Data records:
#####

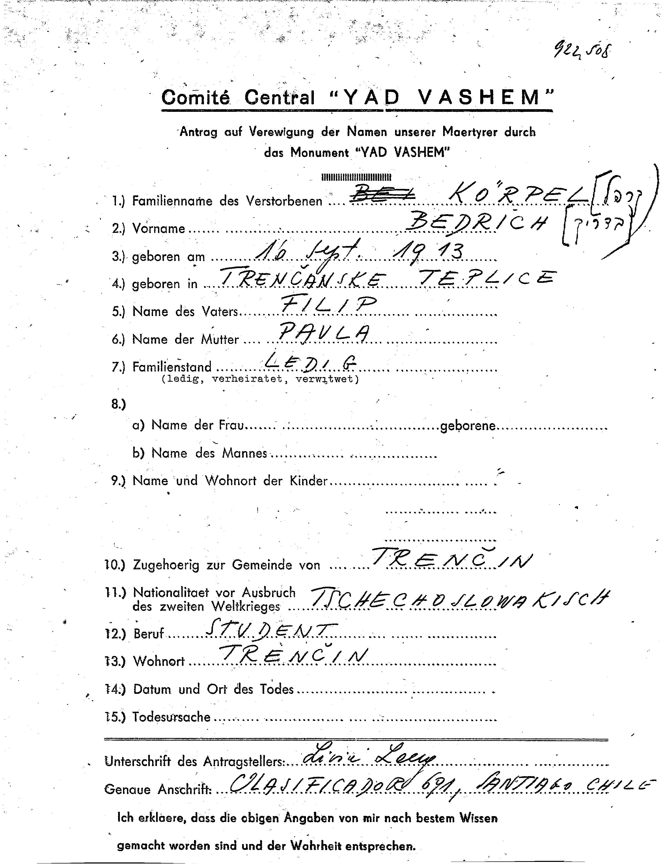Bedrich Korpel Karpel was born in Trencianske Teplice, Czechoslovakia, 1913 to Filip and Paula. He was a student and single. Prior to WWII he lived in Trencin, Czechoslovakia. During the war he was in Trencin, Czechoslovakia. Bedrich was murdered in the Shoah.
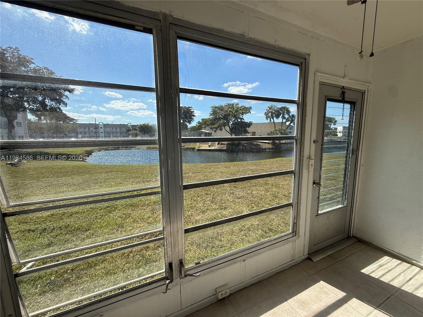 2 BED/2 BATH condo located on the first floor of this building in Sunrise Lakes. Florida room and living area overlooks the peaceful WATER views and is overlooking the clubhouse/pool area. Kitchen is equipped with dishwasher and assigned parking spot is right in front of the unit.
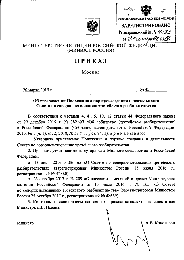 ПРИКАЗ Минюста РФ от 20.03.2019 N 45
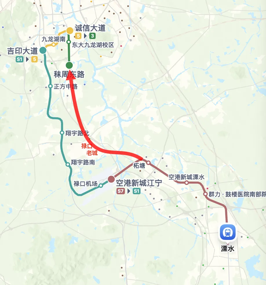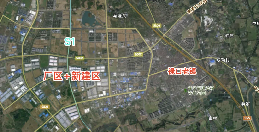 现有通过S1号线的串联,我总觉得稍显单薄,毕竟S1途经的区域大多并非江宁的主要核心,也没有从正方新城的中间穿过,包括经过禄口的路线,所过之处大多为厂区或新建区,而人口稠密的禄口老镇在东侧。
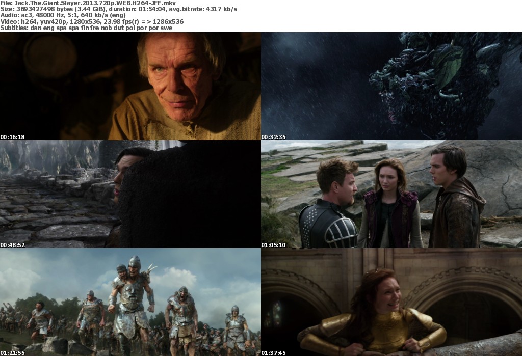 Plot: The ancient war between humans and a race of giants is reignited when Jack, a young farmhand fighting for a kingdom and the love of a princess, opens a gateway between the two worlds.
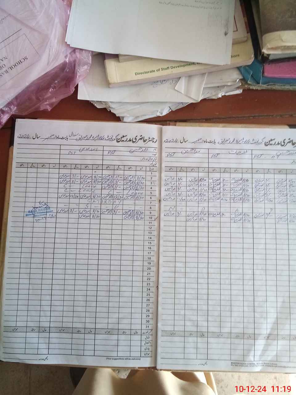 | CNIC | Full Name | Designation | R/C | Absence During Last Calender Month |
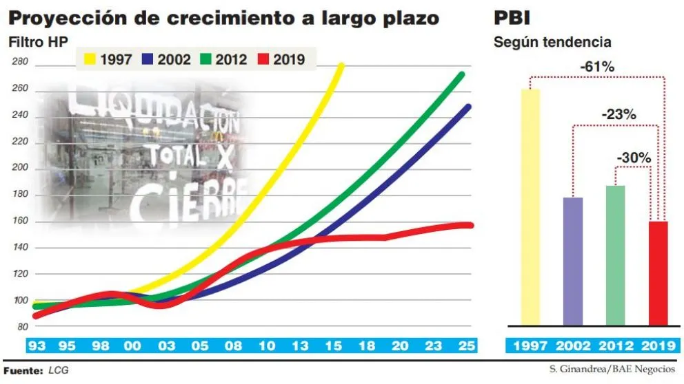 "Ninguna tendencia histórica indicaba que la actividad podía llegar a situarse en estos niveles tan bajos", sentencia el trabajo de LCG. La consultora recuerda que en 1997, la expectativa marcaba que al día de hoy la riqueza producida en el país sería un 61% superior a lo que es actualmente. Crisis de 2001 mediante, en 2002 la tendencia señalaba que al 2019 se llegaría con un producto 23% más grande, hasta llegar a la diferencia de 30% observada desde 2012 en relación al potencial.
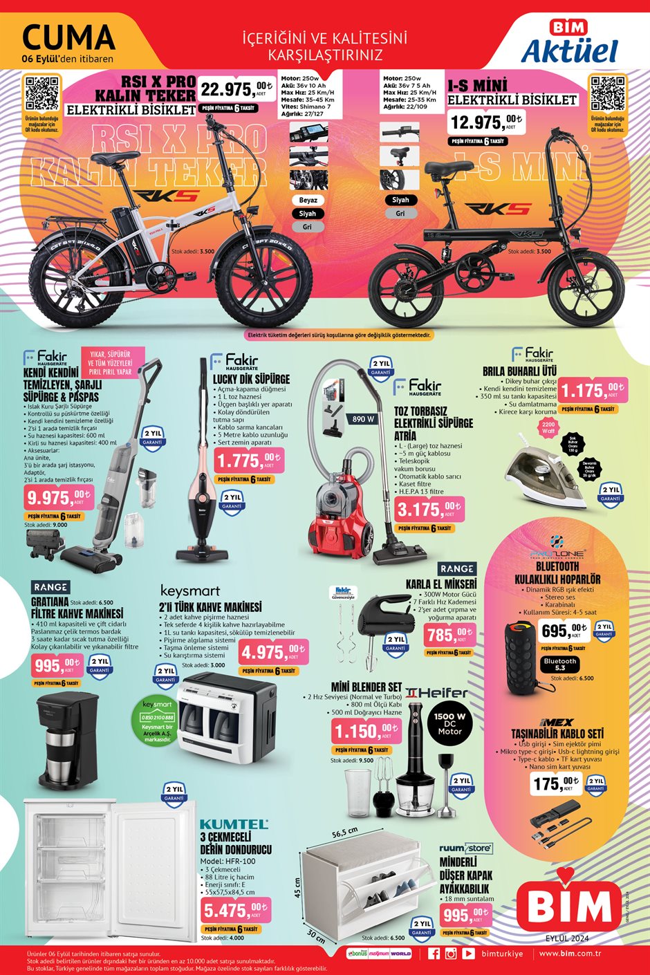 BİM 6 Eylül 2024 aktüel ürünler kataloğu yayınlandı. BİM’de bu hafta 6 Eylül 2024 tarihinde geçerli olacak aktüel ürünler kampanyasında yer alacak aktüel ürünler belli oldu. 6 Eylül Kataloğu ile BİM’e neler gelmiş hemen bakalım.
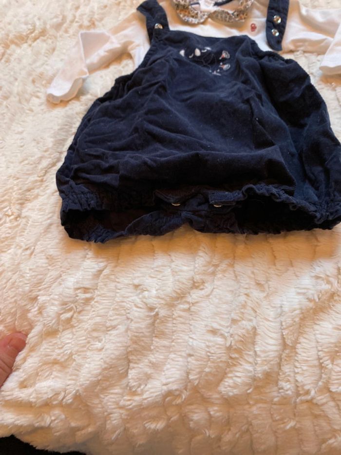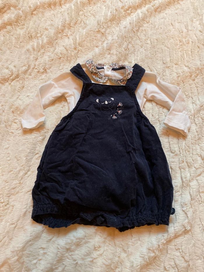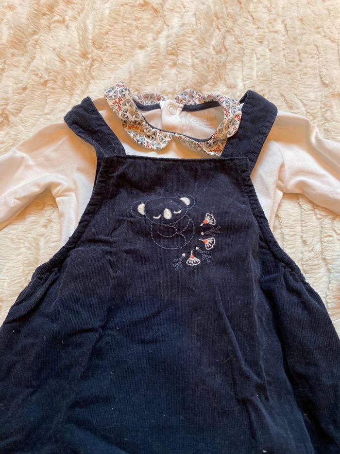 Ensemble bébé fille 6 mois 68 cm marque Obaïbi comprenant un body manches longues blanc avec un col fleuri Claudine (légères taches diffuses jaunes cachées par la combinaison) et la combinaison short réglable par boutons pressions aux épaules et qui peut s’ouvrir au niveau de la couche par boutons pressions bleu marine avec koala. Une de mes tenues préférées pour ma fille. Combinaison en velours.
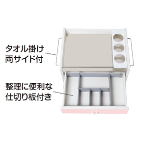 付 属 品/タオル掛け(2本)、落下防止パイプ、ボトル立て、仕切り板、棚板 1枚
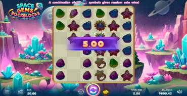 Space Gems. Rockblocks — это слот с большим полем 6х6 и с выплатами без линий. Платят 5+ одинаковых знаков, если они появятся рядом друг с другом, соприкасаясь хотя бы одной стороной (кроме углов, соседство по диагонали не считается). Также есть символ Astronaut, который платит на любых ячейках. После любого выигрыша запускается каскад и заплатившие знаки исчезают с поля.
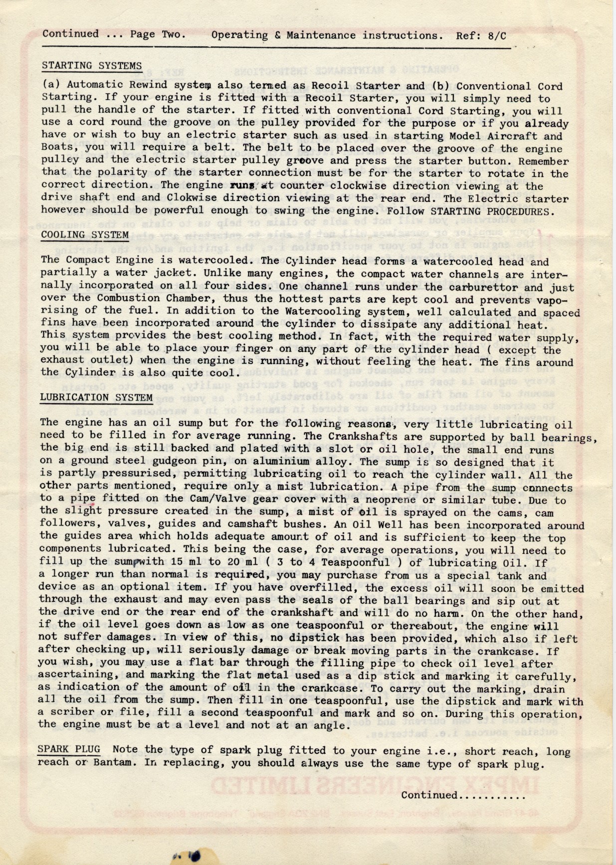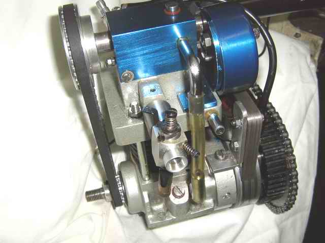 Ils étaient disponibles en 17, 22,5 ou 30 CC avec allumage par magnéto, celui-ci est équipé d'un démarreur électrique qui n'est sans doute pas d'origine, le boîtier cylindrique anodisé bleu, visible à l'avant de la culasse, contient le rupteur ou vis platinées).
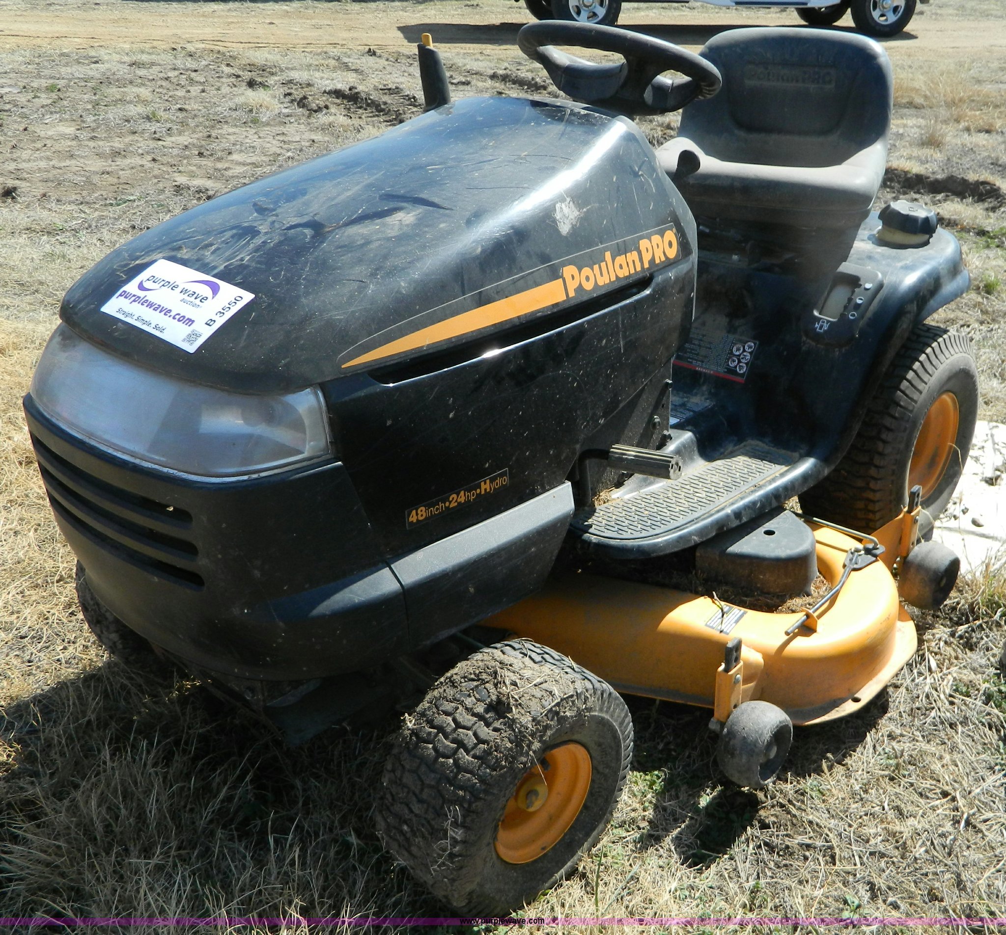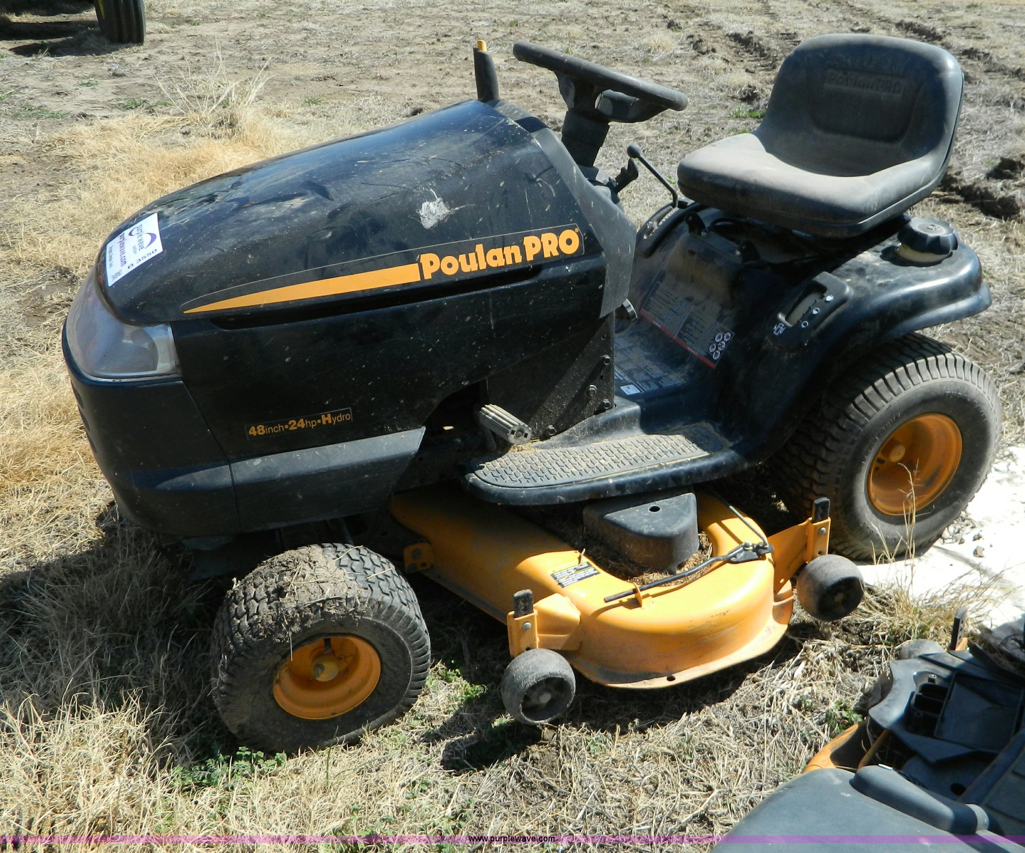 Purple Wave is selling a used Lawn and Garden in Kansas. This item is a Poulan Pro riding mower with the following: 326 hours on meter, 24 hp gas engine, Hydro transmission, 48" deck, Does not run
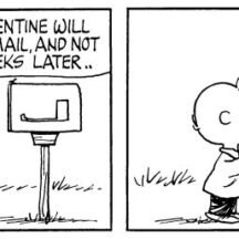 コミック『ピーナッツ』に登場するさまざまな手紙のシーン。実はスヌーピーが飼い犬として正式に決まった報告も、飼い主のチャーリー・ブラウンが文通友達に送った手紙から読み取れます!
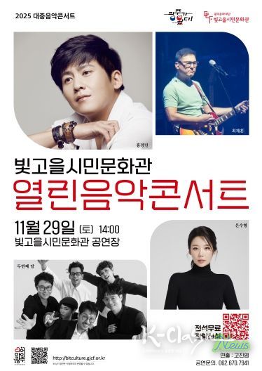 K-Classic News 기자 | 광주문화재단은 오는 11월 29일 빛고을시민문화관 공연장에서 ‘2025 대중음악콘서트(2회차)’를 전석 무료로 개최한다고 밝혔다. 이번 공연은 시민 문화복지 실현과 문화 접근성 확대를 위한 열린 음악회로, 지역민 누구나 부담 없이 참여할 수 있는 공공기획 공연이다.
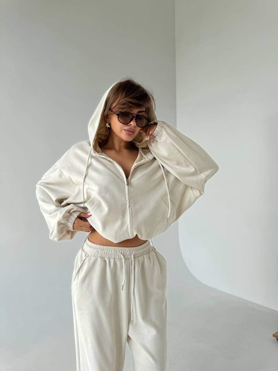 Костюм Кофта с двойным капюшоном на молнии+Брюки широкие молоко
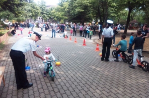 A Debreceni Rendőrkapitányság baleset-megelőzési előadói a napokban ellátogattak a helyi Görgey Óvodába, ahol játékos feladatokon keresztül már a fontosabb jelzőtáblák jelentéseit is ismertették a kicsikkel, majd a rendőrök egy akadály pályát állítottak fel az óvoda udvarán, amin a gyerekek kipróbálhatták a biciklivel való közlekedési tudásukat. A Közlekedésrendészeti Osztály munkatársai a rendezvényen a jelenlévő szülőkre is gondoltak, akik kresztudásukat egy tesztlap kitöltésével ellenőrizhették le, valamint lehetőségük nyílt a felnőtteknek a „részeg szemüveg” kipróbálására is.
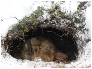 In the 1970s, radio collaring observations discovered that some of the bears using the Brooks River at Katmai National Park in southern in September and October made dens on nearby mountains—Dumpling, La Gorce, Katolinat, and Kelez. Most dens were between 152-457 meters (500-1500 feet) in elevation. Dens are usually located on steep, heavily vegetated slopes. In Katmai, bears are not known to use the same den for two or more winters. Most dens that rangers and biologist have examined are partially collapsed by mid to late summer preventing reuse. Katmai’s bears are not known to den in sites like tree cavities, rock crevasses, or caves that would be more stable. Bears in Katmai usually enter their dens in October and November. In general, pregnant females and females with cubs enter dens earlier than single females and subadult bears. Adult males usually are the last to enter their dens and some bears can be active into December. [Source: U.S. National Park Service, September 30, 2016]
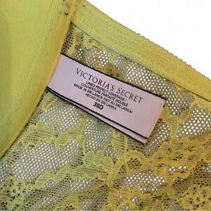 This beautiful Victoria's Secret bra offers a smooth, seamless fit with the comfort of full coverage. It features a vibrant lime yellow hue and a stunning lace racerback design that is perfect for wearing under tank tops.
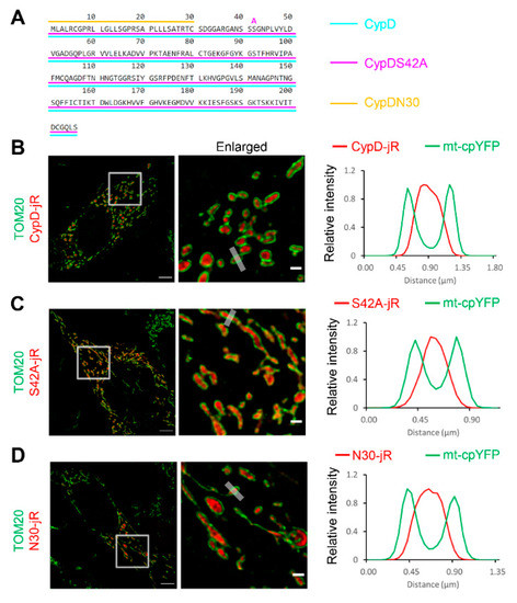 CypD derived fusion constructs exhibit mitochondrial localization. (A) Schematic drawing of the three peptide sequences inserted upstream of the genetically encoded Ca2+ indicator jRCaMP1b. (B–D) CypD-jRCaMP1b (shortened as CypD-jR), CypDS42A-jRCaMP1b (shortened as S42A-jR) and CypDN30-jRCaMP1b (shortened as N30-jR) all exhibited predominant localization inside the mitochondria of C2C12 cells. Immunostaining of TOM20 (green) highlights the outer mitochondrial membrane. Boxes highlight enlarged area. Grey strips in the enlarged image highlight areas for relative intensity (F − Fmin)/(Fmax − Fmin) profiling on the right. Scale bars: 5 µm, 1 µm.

#####

Exercise directions: Nothing is needed beyond an exact transcription of the lines from the one containing "In the 1970s, radio" to the end of the entries above, with the pictures omitted.

Exercise result:
 In the 1970s, radio collaring observations discovered that some of the bears using the Brooks River at Katmai National Park in southern in September and October made dens on nearby mountains—Dumpling, La Gorce, Katolinat, and Kelez. Most dens were between 152-457 meters (500-1500 feet) in elevation. Dens are usually located on steep, heavily vegetated slopes. In Katmai, bears are not known to use the same den for two or more winters. Most dens that rangers and biologist have examined are partially collapsed by mid to late summer preventing reuse. Katmai’s bears are not known to den in sites like tree cavities, rock crevasses, or caves that would be more stable. Bears in Katmai usually enter their dens in October and November. In general, pregnant females and females with cubs enter dens earlier than single females and subadult bears. Adult males usually are the last to enter their dens and some bears can be active into December. [Source: U.S. National Park Service, September 30, 2016]
 This beautiful Victoria's Secret bra offers a smooth, seamless fit with the comfort of full coverage. It features a vibrant lime yellow hue and a stunning lace racerback design that is perfect for wearing under tank tops.
 CypD derived fusion constructs exhibit mitochondrial localization. (A) Schematic drawing of the three peptide sequences inserted upstream of the genetically encoded Ca2+ indicator jRCaMP1b. (B–D) CypD-jRCaMP1b (shortened as CypD-jR), CypDS42A-jRCaMP1b (shortened as S42A-jR) and CypDN30-jRCaMP1b (shortened as N30-jR) all exhibited predominant localization inside the mitochondria of C2C12 cells. Immunostaining of TOM20 (green) highlights the outer mitochondrial membrane. Boxes highlight enlarged area. Grey strips in the enlarged image highlight areas for relative intensity (F − Fmin)/(Fmax − Fmin) profiling on the right. Scale bars: 5 µm, 1 µm.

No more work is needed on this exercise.